◆ **EXTRACTED MATERIAL**
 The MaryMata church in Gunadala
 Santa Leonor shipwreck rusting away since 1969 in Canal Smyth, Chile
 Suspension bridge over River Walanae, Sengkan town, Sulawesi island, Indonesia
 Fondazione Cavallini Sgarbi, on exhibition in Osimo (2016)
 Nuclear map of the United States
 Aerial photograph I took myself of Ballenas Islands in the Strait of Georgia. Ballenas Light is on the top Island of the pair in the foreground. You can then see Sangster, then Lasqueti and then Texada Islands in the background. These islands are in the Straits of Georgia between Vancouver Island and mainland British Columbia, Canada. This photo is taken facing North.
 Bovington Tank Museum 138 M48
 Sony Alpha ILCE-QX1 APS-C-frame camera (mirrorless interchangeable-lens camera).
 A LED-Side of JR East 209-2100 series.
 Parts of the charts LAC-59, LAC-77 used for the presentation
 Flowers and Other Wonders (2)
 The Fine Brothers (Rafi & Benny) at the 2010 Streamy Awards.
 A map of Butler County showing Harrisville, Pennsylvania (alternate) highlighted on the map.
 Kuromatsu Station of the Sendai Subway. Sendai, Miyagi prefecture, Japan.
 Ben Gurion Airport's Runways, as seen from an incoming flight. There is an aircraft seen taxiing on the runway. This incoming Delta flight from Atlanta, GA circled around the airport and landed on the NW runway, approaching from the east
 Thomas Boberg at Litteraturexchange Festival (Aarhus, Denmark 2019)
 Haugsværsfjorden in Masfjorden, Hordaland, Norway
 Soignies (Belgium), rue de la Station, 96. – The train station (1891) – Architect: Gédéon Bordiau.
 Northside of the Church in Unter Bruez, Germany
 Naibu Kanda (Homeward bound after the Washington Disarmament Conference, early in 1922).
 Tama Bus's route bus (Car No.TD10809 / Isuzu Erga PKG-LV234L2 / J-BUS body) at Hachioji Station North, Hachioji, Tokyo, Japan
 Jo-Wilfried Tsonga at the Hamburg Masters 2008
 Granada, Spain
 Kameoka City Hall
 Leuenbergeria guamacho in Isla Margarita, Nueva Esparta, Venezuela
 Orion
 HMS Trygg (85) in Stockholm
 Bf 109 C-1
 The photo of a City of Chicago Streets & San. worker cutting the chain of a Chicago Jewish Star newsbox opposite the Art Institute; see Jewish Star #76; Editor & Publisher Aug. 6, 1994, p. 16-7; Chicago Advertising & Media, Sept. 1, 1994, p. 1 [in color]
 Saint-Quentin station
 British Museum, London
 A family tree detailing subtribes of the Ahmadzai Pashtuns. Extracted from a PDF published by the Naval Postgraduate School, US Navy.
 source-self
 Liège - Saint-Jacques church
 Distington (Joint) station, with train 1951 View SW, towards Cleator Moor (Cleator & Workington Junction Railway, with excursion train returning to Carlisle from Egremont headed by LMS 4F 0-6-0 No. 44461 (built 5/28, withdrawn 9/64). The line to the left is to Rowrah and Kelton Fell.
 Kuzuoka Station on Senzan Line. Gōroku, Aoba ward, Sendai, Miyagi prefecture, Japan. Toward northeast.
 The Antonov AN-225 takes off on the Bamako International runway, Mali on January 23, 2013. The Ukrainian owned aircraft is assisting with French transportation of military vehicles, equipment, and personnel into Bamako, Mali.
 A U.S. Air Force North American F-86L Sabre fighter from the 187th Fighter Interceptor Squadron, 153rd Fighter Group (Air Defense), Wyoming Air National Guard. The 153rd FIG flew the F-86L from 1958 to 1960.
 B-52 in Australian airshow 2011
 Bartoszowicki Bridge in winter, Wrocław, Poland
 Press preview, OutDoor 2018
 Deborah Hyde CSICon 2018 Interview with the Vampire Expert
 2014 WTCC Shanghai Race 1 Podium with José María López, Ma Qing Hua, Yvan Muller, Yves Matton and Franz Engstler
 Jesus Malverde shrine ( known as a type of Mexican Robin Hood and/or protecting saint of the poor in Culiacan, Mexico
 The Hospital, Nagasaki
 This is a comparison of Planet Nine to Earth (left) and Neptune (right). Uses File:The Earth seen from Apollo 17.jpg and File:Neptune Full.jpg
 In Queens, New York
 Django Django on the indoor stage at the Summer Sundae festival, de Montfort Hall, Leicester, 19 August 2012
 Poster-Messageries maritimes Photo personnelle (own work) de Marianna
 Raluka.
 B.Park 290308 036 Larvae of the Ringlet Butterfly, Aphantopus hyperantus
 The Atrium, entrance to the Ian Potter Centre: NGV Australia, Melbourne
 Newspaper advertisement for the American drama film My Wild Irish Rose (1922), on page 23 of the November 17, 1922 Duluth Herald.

◆ **TASK**
From the material above, gather all lines that include the string "train" and copy them.

◆ **RESPONSE AREA**
 Soignies (Belgium), rue de la Station, 96. – The train station (1891) – Architect: Gédéon Bordiau.
 Distington (Joint) station, with train 1951 View SW, towards Cleator Moor (Cleator & Workington Junction Railway, with excursion train returning to Carlisle from Egremont headed by LMS 4F 0-6-0 No. 44461 (built 5/28, withdrawn 9/64). The line to the left is to Rowrah and Kelton Fell.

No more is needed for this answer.